▶ [Data provided]:
----
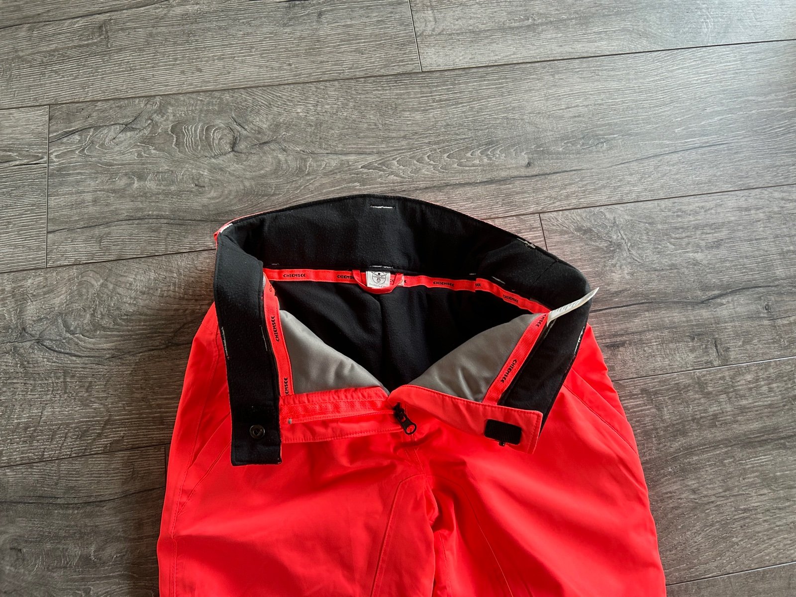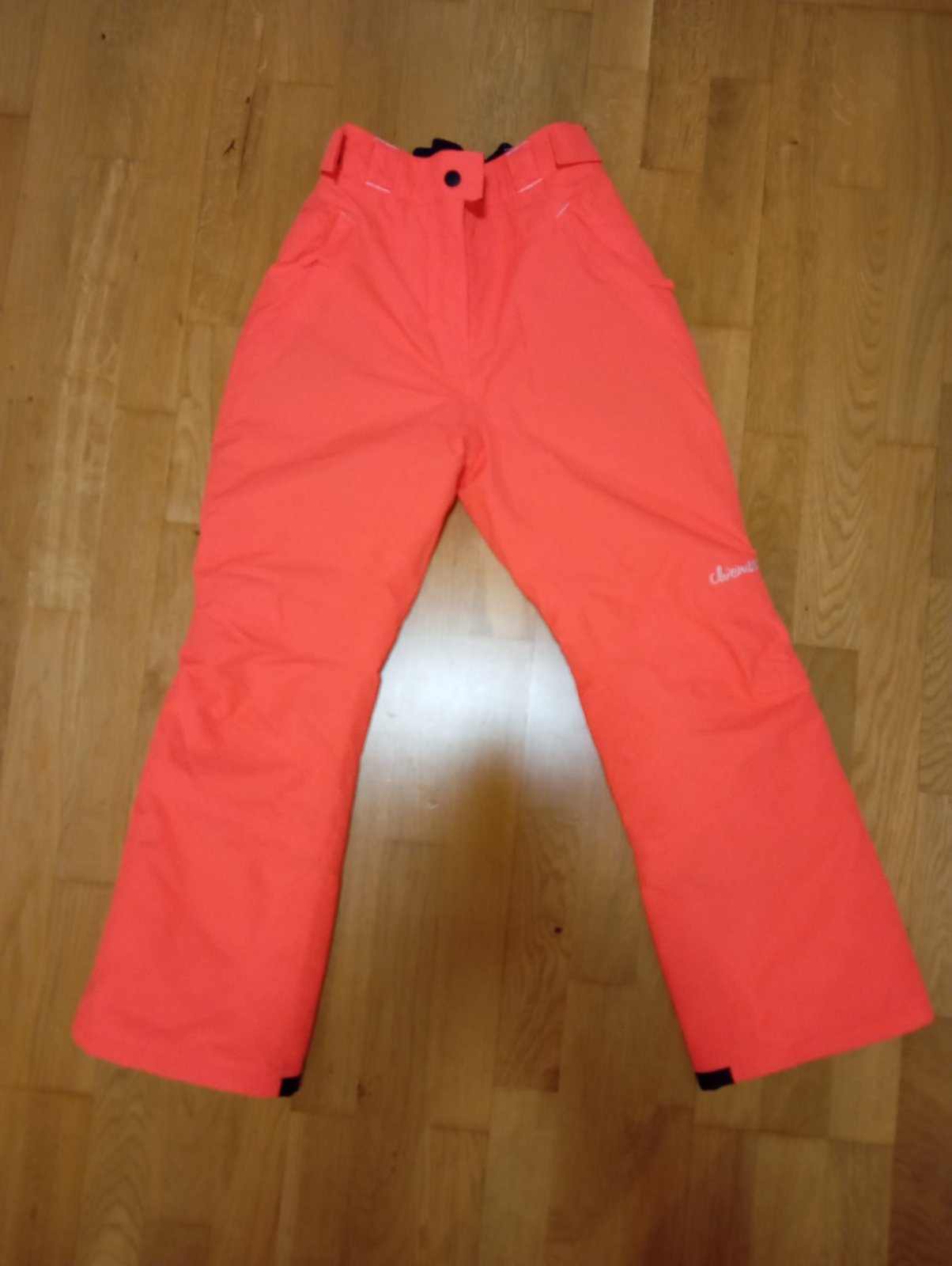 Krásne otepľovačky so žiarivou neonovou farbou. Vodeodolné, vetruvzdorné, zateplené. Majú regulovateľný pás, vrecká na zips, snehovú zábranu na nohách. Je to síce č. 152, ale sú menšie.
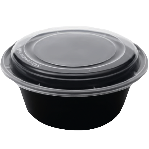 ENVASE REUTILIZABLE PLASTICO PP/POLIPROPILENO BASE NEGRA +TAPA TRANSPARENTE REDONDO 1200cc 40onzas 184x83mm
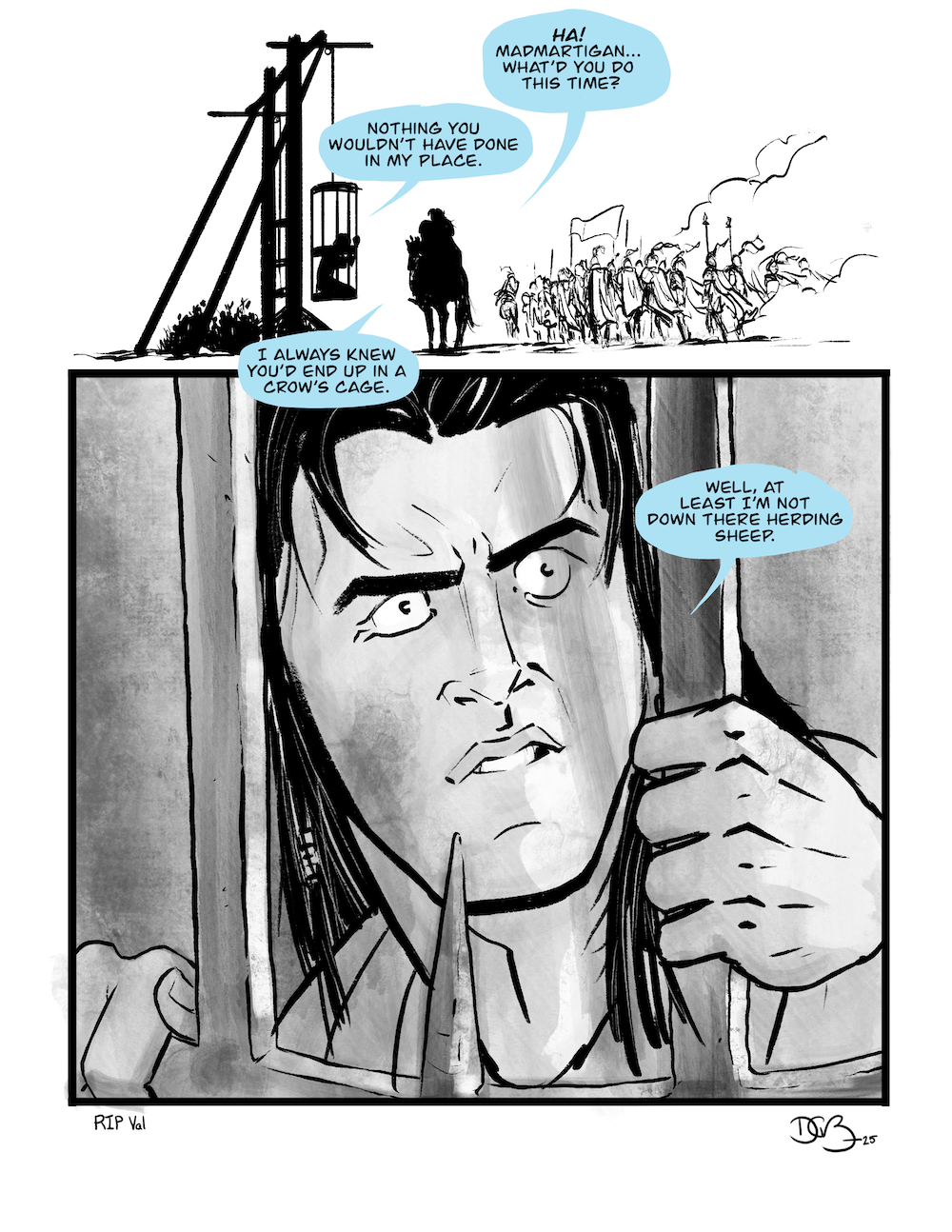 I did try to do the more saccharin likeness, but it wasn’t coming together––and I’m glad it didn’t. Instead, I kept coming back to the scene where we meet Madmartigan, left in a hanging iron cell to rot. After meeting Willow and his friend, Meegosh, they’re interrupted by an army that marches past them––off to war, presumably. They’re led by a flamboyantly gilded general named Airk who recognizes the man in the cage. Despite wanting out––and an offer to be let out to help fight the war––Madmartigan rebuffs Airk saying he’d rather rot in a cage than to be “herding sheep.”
----
▶ [What you are asked to do]:
Output the data exactly. Pictures don't belong in the result.

▶ [Response to the task]:
 Krásne otepľovačky so žiarivou neonovou farbou. Vodeodolné, vetruvzdorné, zateplené. Majú regulovateľný pás, vrecká na zips, snehovú zábranu na nohách. Je to síce č. 152, ale sú menšie.
 ENVASE REUTILIZABLE PLASTICO PP/POLIPROPILENO BASE NEGRA +TAPA TRANSPARENTE REDONDO 1200cc 40onzas 184x83mm
 I did try to do the more saccharin likeness, but it wasn’t coming together––and I’m glad it didn’t. Instead, I kept coming back to the scene where we meet Madmartigan, left in a hanging iron cell to rot. After meeting Willow and his friend, Meegosh, they’re interrupted by an army that marches past them––off to war, presumably. They’re led by a flamboyantly gilded general named Airk who recognizes the man in the cage. Despite wanting out––and an offer to be let out to help fight the war––Madmartigan rebuffs Airk saying he’d rather rot in a cage than to be “herding sheep.”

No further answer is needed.